The third key point is that some types of effort yield higher rewards than other types of effort. So the example that they give in the chapter where they’re talking about this is actually of Warren Buffet. So they say that for a very long time 90% of his wealth actually only came from 10% of his investments. Basically what they talk about is that early on Warren Buffet knew that he wouldn’t be able to make the right investment decisions hundreds of times. So what he did was he selected companies that he was absolutely sure he knew what was going on with them, and he decided to invest heavily in those. And those are the companies that he ended up doing the best in.

The fourth takeaway is to take breaks and actually get sleep. Again this is a concept that goes very much against the whole Gary Vee hustle culture work all the time mentality. The book does talk about this and how it’s kind of celebrated in Silicon Valley and startups and the whole entrepreneur space that less sleep somehow equals more productivity.

When actually if you look at the science behind it, when you get better sleep, you’re able to be more productive and your thought processes are clearer. And so the book also talks about Bill Gates and how he famously takes his week. And this is just a week where he takes off from all responsibilities at Microsoft, basically just goes out on his own – reads, thinks, does whatever he wants for a week and does not work. So the book really encourages you to set aside some distraction-free time in a distraction-free place and really allow yourself to think and rest.

The fifth takeaway from the book is to build buffers. So whether that is with projects you’re working on, with your finances, or just with your time, we know that things don’t always go as planned. This book really encourages you to always build in that buffer to your timeline or whatever you’re planning so that you aren’t really disappointed or really surprised when extra things come up.

The sixth lesson from Essentialism is to keep a journal. And the book encourages you just to journal whenever you can, for whatever amount you can. Whether that’s a sentence or two every week, every couple of days, or even just a couple of times a month. And it really emphasizes that going back and looking at the journal is a lot easier and a lot more accurate than us just trying to remember things on our own. We forget things really easily, and so having our goals and what we’re thinking about just written down somewhere, even if it’s just a couple of sentences or bullet points. It can really help you reflect on what you’re trying to do and maybe how you can make better decisions going forward. 

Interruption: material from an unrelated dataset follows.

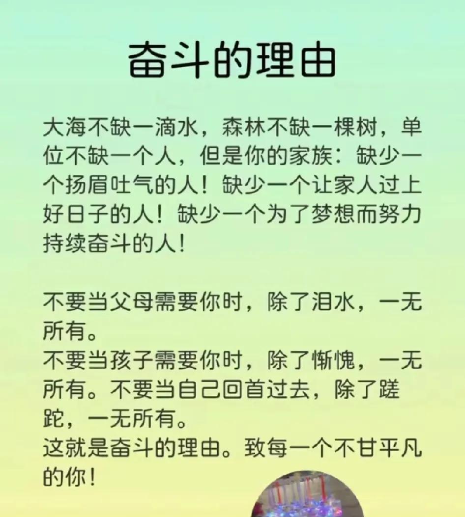 人这一生, 没有白走的路, 也没有白吃的苦, 跨出去的每一步, 单枪匹马你别怕, 一腔孤勇又如何, 这一路你可以哭, 世上没有白费的努力, 也没有碰巧的成功, 一切无心插柳, 用奋斗扬起生活的风帆, 攀登智慧的巅峰, 叩开成功的大门, 点燃光辉灿烂的明天。

The seventh lesson from Essentialism is to start celebrating small wins to get to bigger goals instead of just trying to set one giant goal and accomplishing it all at once. If you break down that bigger goal into those smaller milestones, you’re going to see a lot more progress in those. Indeed, this will motivate you to keep going. Whereas if you just set one big goal and you see very little progress on it, a lot of times that is when we experience burnout.

The eighth lesson is to start setting routines that help you eliminate the non-essential decisions and things in your life. This really helps you focus on those essential things. So not only could this just be your daily routine. But they also talk about a CEO that has different tasks assigned to different days of the week. So Mondays he does marketing, maybe Tuesdays he gets through all of his meetings, and he organizes his weekly routine that way.

It also talks about having routines for how you handle particular situations and situations where you are going to say no. So maybe if you work with clients, it’s having a routine that you go through to determine whether or not to actually onboard that client, and whether or not they are worth your time, and you kind of go through that checklist of your routine and you assess it that way.